§ What the task asks
Your copy of the data should match it exactly, leaving out only the pictures.

§ Given data
*** Begin section ***

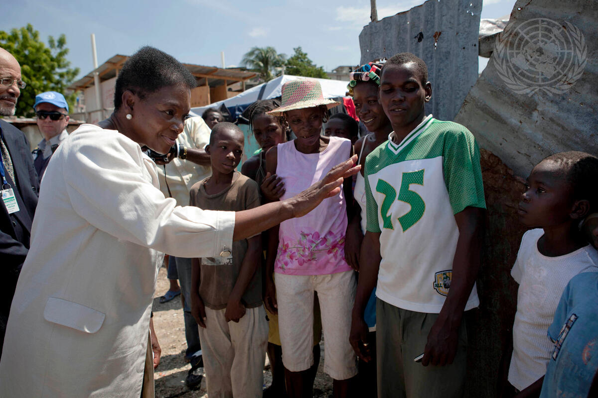 Valerie Amos (left), Under-Secretary-General for Humanitarian Affairs, greets young residents of Accra camp in Port-au-Prince, Haiti. They are among the many thousands still displaced since the January 2010 earthquake.
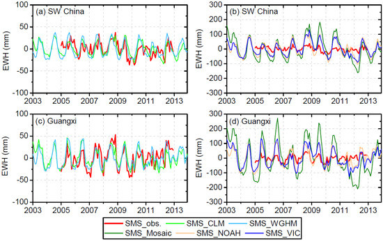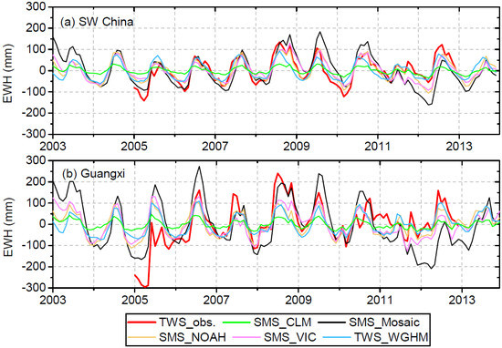 | TWS Anomalies | Model/GRACE | SW China | Guangxi | ||||
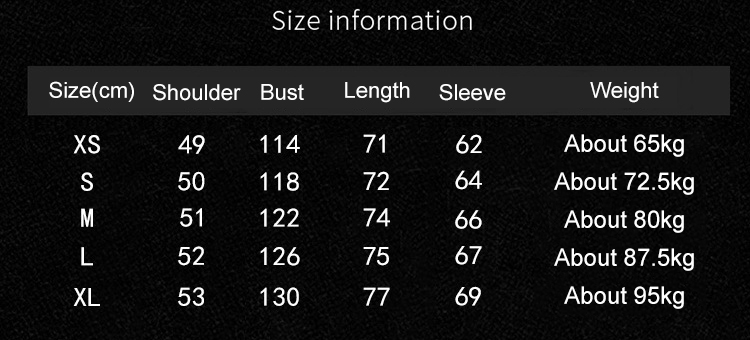 We pay attention to details and fashionable design to make this jacket the focus of your fashionable wardrobe. A variety of color options allow you to choose according to your personal preferences and style, whether it is classic black or fashionable red, it can meet your fashion needs.
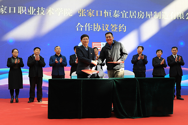 常务副院长李炜杰代表beat365官网分别与宣化区人民政府党组副书记张国庆签署《战略合作协议》;与河北省工程机械产业技术研究院院长王文梅签署《校研合作协议》;与张家口恒泰宜居房屋制造有限公司总经理武卫签署《校企合作协议》。

*** End section ***

§ Reply
 Valerie Amos (left), Under-Secretary-General for Humanitarian Affairs, greets young residents of Accra camp in Port-au-Prince, Haiti. They are among the many thousands still displaced since the January 2010 earthquake.
 | TWS Anomalies | Model/GRACE | SW China | Guangxi | ||||
 We pay attention to details and fashionable design to make this jacket the focus of your fashionable wardrobe. A variety of color options allow you to choose according to your personal preferences and style, whether it is classic black or fashionable red, it can meet your fashion needs.
 常务副院长李炜杰代表beat365官网分别与宣化区人民政府党组副书记张国庆签署《战略合作协议》;与河北省工程机械产业技术研究院院长王文梅签署《校研合作协议》;与张家口恒泰宜居房屋制造有限公司总经理武卫签署《校企合作协议》。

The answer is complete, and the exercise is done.